The National Institutes of Health issued additional regulations for researchers at Duke after high-profile research misconduct cases have surfaced at the University in recent years.
The guidelines, which take effect April 1, will require Duke researchers applying for grants under $250,000 per year to submit a detailed budget of their proposed costs. Researchers must also receive prior NIH approval when extending grant budget periods and carrying over unused funds into the next budget period. The new regulations, however, will not affect current research grants.
“Duke has already addressed many of the concerns that prompted this change through enhanced internal controls, education and training and new information systems, and will continue to look for opportunities to improve our oversight,” wrote Michael Schoenfeld, vice president for public affairs and government relations, in an email to The Chronicle.
Duke faculty learned of the additional regulations in a memo sent by Provost Sally Kornbluth, Chancellor for Health Affairs A. Eugene Washington, Mary Klotman—dean of the School of Medicine—and Marion Broome, dean of the School of Nursing.

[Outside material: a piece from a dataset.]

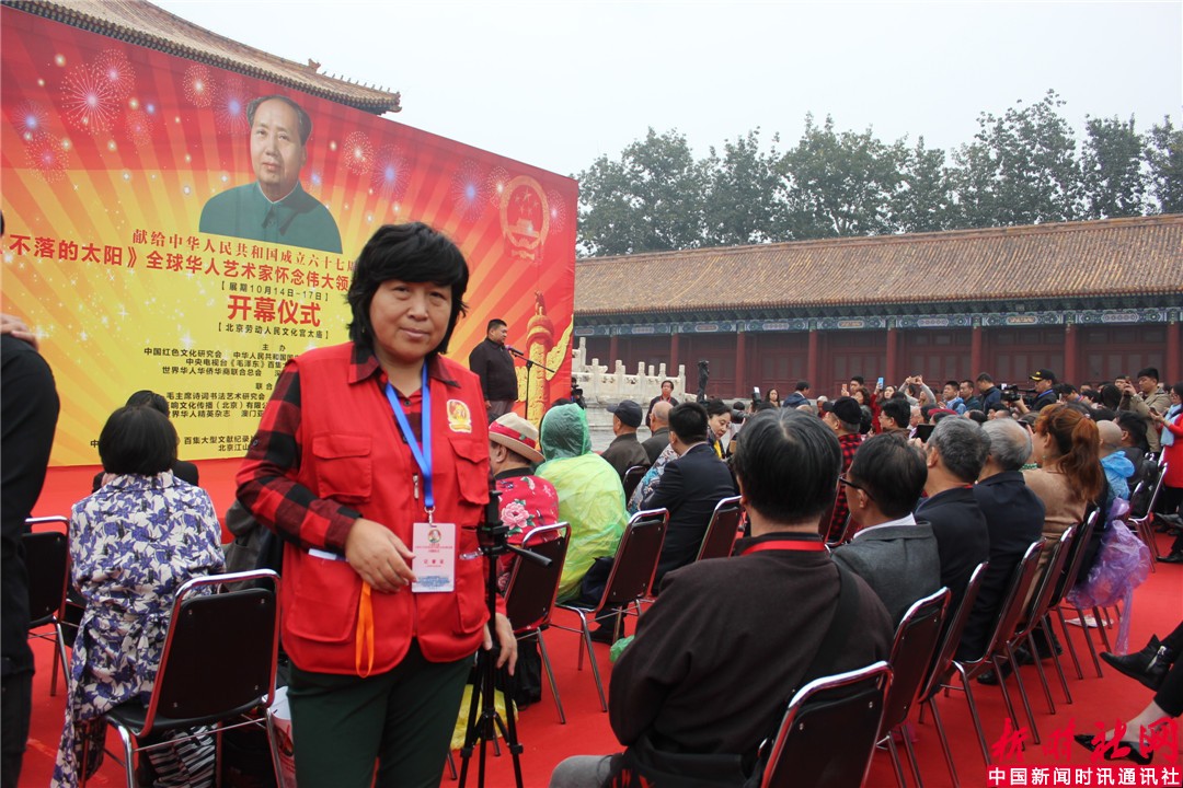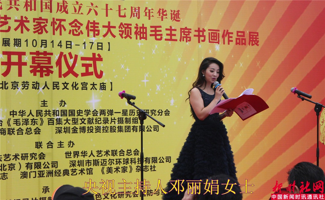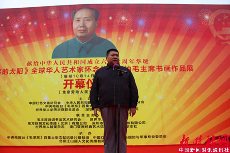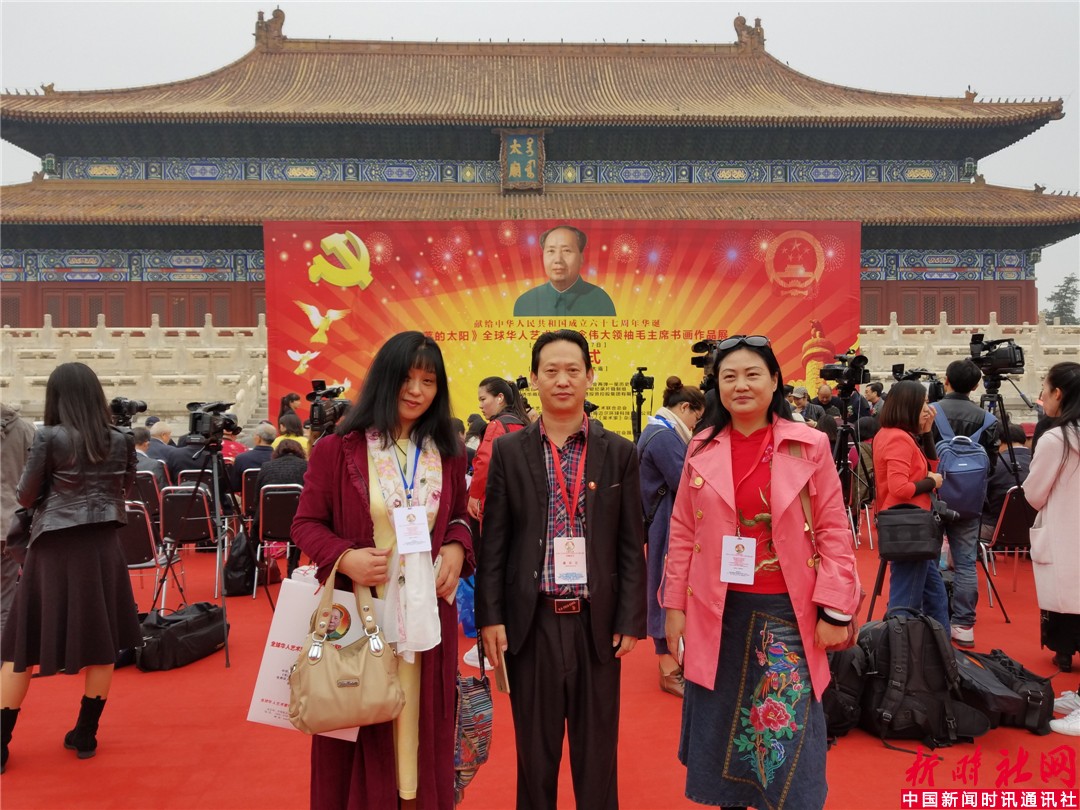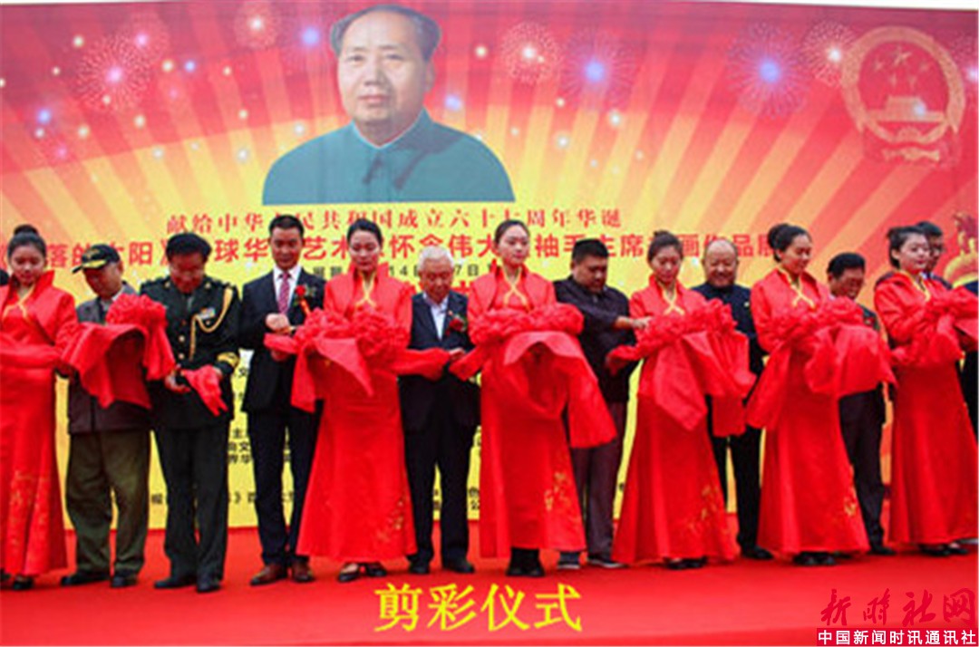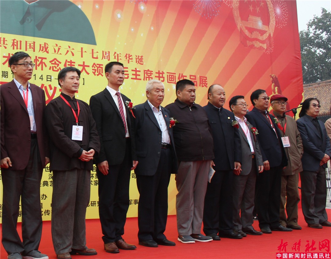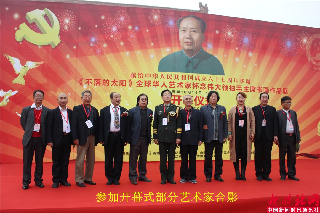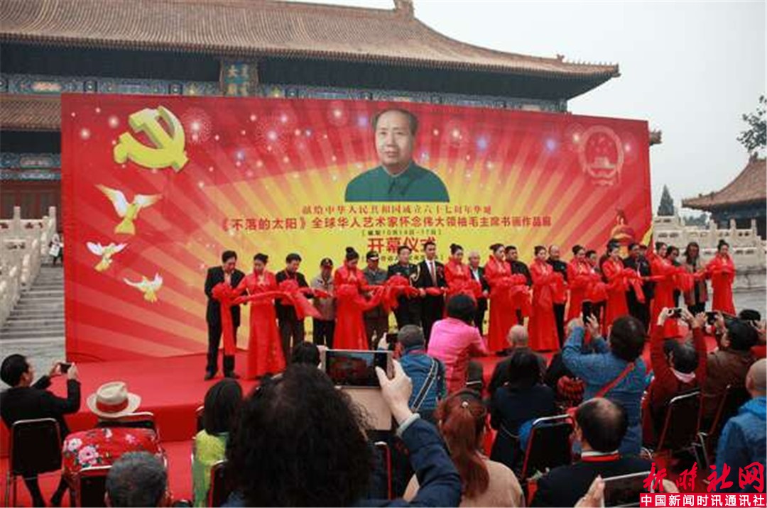 中国新闻时讯通讯社/新时社网记者宋洁报道:为纪念中国共产党成立九十五周年和中华人民共和国成立六十七周年,《不落的太阳》全球华人艺术家怀念伟大领袖毛主席书画作品展,于2016年10月15日上午在北京劳动人民文化宫太庙隆重举行了开幕仪式。

“Duke will also be providing a report to the NIH by April 30 detailing our current policies and procedures, planned improvements, and assessment of our internal controls,” wrote the four administrators, in a copy of the memo obtained by The Chronicle.
They cited the development of new data systems, the addition of new grant administrator positions and expanded training in research ethics as evidence of the University’s effort to combat research misconduct in its laboratories.
The memo also noted that there was a link between the NIH’s restrictions and past controversies Duke has weathered over falsified research and embezzlement of research funds.
“NIH reports that these new requirements are a result of its concerns about Duke’s management of several research misconduct cases and grant management issues that date back to 2010, some of which have been widely reported like the Anil Potti case,” the administrators wrote.
In an email to The Chronicle, the NIH Office of Extramural Research wrote that NIH "takes seriously its responsibility to function as stewards of public funds."
"While we cannot discuss the details of the ongoing issues with Duke University, we often enhance our degree of grant oversight when concerns arise about an awardee’s ability to effectively and properly manage NIH research funds," the office wrote. "We expect to work with Duke University officials to address and correct any concerns."
Potti, a former cancer researcher at Duke, had engaged in misconduct by fabricating research that was subsequently used as the basis for clinical trials, according to a 2015 report from the government Office of Research Integrity.
Much of Potti's research, which focused on analyzing a patient’s genes to predict the effectiveness of cancer drugs, was shown to be falsified. For example, in one grant application, he stated that nine out of 33 patients in a trial responded beneficially to a cancer drug, yet there were only four people in the trial, and none of them responded to the drug. Nine of Potti’s papers have been retracted since the allegations of misconduct surfaced.
As a penalty, the ORI mandated that Potti be supervised for any NIH-funded research he conducted for the next five years. Potti, who resigned in 2010, currently practices medicine at the Cancer Center of North Dakota in Grand Forks, according to the center's website.
Duke became the focus of another inquiry into potential research misconduct after six papers authored by former professor of medicine William Foster and former clinical research coordinator Erin Potts-Kant were retracted in the period from 2013-2015. Joseph Thomas, who worked in the pulmonary division alongside Foster and Potts-Kant, sued Duke for mishandling the allegations of misconduct. The lawsuit stated that the results presented in the retracted papers led to over $80 million in funding for grants to Duke researchers and $120 million to Duke-unaffiliated research grants.
Potts-Kant—who was also arrested for embezzling nearly $15,000 in funding—later admitted to altering some of the data presented in papers. Sixteen of her papers have been retracted since her arrest in 2013.
In April 2017, the University’s motion to dismiss the lawsuit alleging research misconduct was denied, and in June, Duke acknowledged that the fraudulent data could have “potentially affected grant applications.”
Several professors whom The Chronicle contacted did not respond to requests for comment or referred The Chronicle to Schoenfeld's office.
“Duke is committed to upholding the highest standards of integrity in all our work and will of course adhere to the new guidelines,” Schoenfeld wrote. “The University looks forward to working with its scientists and administrators to ensure responsible stewardship of these grants and we will be in close communication with the NIH to ensure that their concerns are fully and quickly addressed."